Second, was all of that pledged $63 billion in FDI a direct offshoot of the President’s trips? Answer: No. Based on my experience as National Economic and Development Authority (NEDA) director general, the FDI (pledged by the private sector or state-owned companies of the host country) were either already in the making or already a done deal, and just brought together to coincide with the visits.
Thus, even without the visit, they would have been pledged. What I would consider to be direct offshoots of the President’s visit are the projects covered by Letters of Intent (LOIs) or Memoranda of Understanding (MOU). But unless we have more information (the DTI website was not forthcoming) on the number of projects and the amounts involved covered by these LOIs and MOUs, we cannot give a more precise figure on what President Marcos’s presence may have contributed.
Third, are we sure that all of the $63 billion pledged will actually flow in? Answer: No. The more investment pledges that are covered by LOIs and MOUs, the iffier they are, with the LOIs being more iffy than the MOUs.
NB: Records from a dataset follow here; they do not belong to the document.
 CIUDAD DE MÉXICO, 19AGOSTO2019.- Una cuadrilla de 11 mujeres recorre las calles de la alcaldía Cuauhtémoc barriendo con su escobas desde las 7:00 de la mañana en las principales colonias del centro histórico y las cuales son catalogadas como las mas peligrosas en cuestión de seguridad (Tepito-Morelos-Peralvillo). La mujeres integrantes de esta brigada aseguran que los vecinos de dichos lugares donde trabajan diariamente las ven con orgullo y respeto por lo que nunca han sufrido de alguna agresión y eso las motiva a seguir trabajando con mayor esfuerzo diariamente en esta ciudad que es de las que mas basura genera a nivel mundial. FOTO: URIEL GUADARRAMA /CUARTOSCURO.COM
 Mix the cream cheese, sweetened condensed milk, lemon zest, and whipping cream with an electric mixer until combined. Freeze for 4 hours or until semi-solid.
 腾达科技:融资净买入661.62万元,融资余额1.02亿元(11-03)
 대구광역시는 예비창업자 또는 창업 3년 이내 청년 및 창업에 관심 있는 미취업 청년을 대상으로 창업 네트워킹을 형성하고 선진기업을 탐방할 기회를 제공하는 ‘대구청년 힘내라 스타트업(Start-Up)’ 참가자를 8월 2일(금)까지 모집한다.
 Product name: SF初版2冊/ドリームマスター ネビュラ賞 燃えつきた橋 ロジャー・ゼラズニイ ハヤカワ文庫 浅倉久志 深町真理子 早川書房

Why are they iffy? Simply because, as is the general understanding, those documents are not legally binding. They are just words, with the MOUs a little more substantial than the LOIs. The signatories are not constrained to put their money where their mouths are.
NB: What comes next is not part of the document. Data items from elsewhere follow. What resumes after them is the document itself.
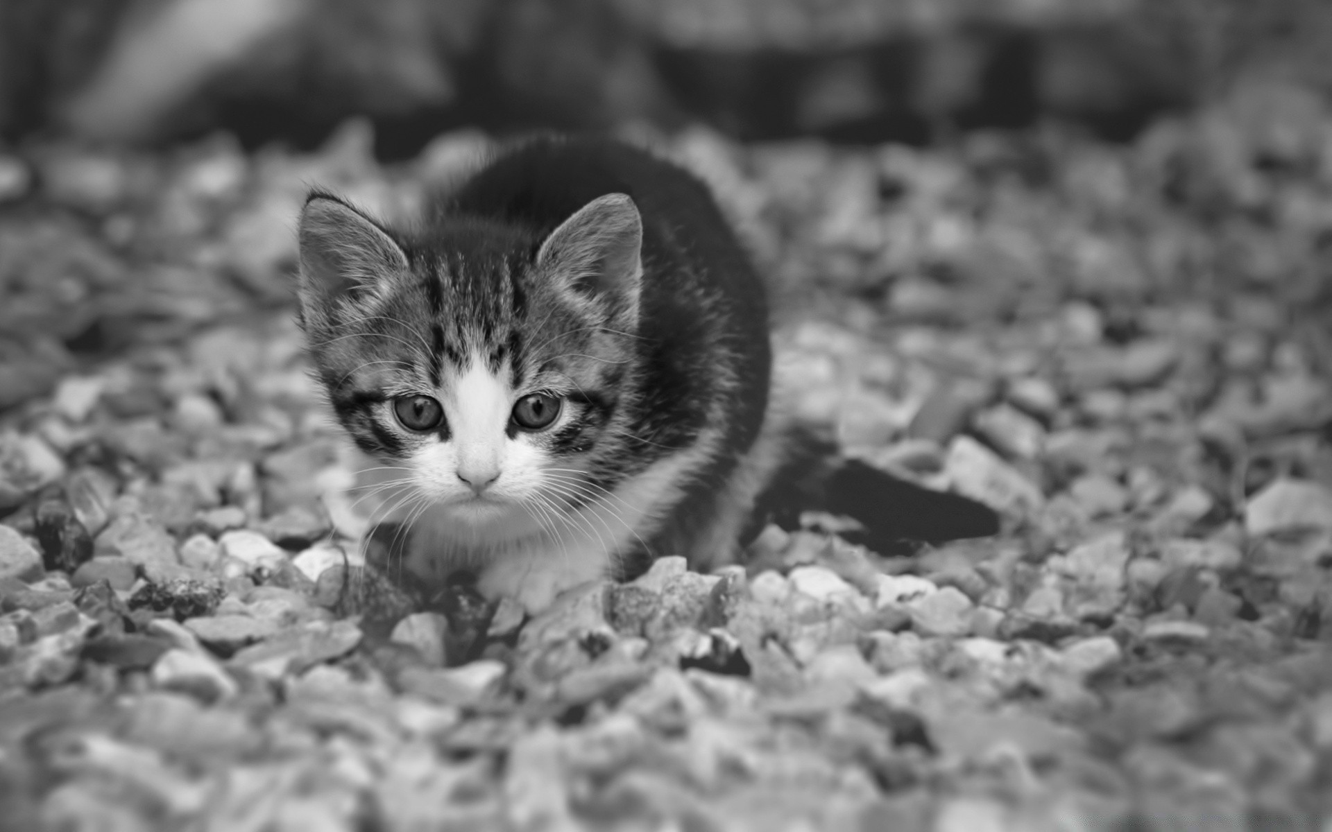 Mignon petit chaton sur les cailloux
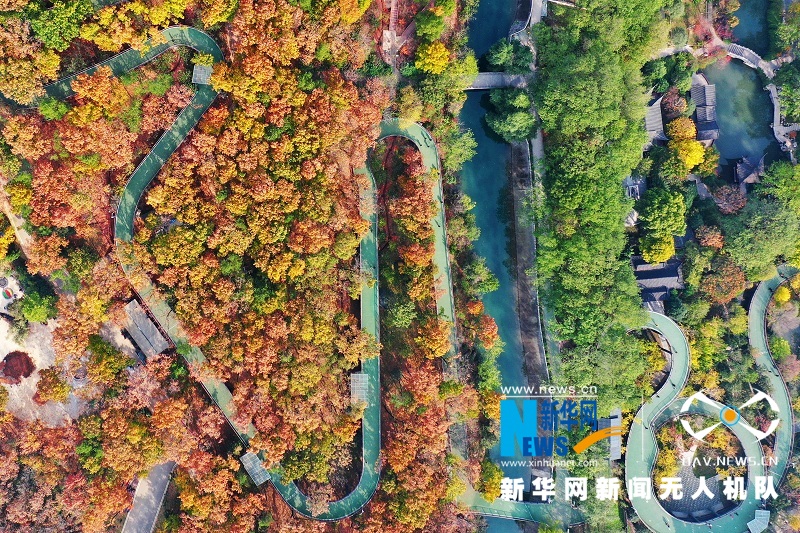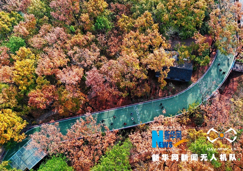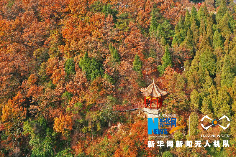 西宝山,位于湖北省荆门市中心城区西部,为荆山余脉。古称西山,亦作西堡山。初冬时节,西宝山层林尽染,风景如画。新华网发彭琦摄
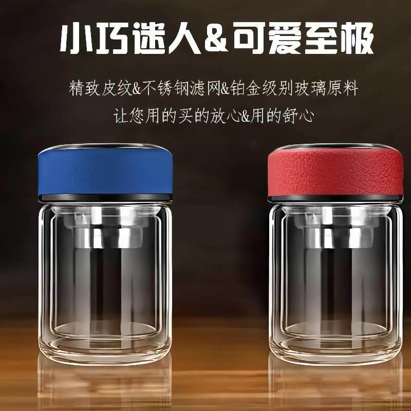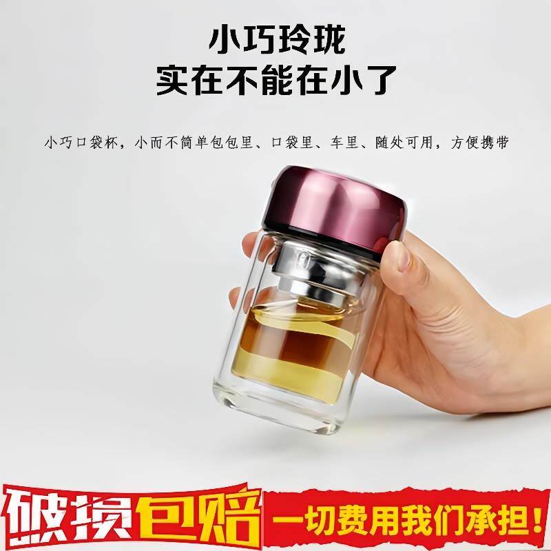 德国高档口袋杯子210ml女士便携双层隔热玻璃杯迷你泡茶水杯小巧
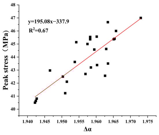 The multifractal spectral width is a measure of distribution inhomogeneity, and the larger the spectral width, the more obvious the difference in the graph. According to the existing literature [], when the spectral width difference is larger, the overall spectral width is larger, and the peak stress is smaller. In this study, which builds upon the existing literature, the maximum fractal spectral width of each group was 1.942, the minimum value was 1.973, and the overall difference was not large, indicating that the overall distribution of aggregates was relatively uniform. Therefore, the peak stress was relatively stable in the range of 39–47 MPa. When the overall difference in the spectral width is not large, the larger the spectral width, the greater the peak stress.
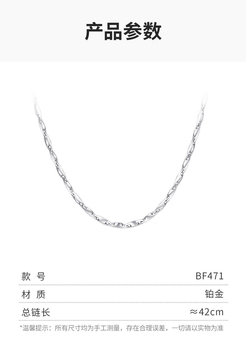 谢瑞麟(TSL)新年礼物铂金项链简约Pt铂金素链女士锁骨链BF471
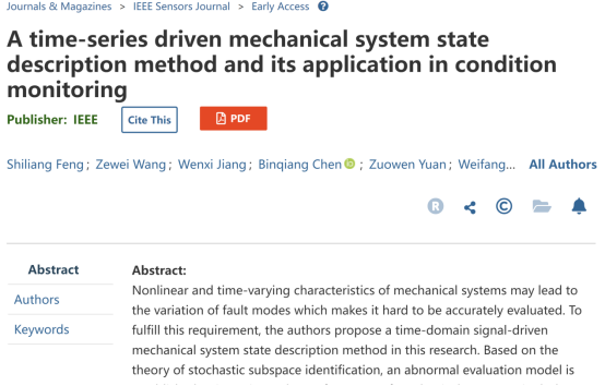 该论文题目为“A time-series driven mechanical system state description method and its application in condition monitoring”,我校色情小说 21级智能制造专业学生冯世亮、王泽伟、蒋文茜为共同第一作者,联合厦门大学、众泰汽车等单位共同署名,指导老师为该班班主任孙维方博士。论文提出了一种基于时域信号的系统描述方法并成功将其应用于滚动轴承、加工刀具状态监测等场景,为相关关键技术装备的运行维护和故障诊断提供了一条新的可能。
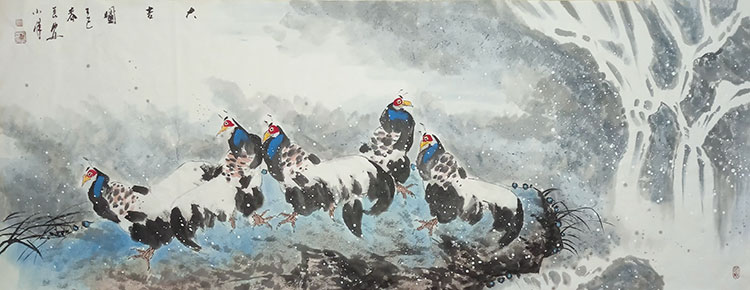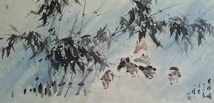 作为陕西国画院花鸟画院的院聘画家,方小峰在继承传统上下过苦功。他研习青藤、白阳之放逸,揣摩八大、石涛之奇崛,汲取吴昌硕、齐白石之雄强,又得长安画派“一手伸向传统,一手伸向生活”之真传。然而可贵的是,他食古能化,师古不泥,在扎实的传统功底之上,渐渐形成了自己的艺术语言。

The iffiness of the investment pledges are also influenced by the country of the investor. Only recall, Reader, that when former president Rodrigo Duterte made his trip to China, he reported that he got $23 billion worth of investment and soft loans. If I remember correctly, only about 10-13% of that pledged amount actually came in. It would be interesting to find out how much of the current package from the Marcos trip is comprised of the old, unfulfilled Duterte pledges.
Finally, if we definitely know that the entire $63 billion is not flowing in this year, can we at least have an idea of how much will? No answer. That question was asked by CNN TV host Rico Hizon of Trade Secretary Pascual. Rico asked other related questions, like “How many Filipinos will get jobs this year as a result of the presidential visits?” This, to give his viewers an idea of the concrete (as opposed to the hoopla) benefits to the Filipinos this year of the presidential trips.
Unfortunately, no definite answer was forthcoming from the secretary.
But it is safe to say that the investments that were planned by foreign investors who are already in the Philippines (e.g., Procter and Gamble, Unilever, Toyota) and were included in the $63 billion package to fatten it up, will definitely materialize. But this is a two-edged sword, because it means that even without the President’s trip, the FDI would have come in. Sigh! – Rappler.com
Solita “Winnie” Monsod was the first National Economic and Development Authority secretary appointed after the fall of the Marcos dictatorship in 1986. She is a professor emerita at the UP School of Economics where she taught starting 1983. She finished her degree in economics in UP and obtained her masters in economics at the University of Pennsylvania. She is a board director of Rappler Inc.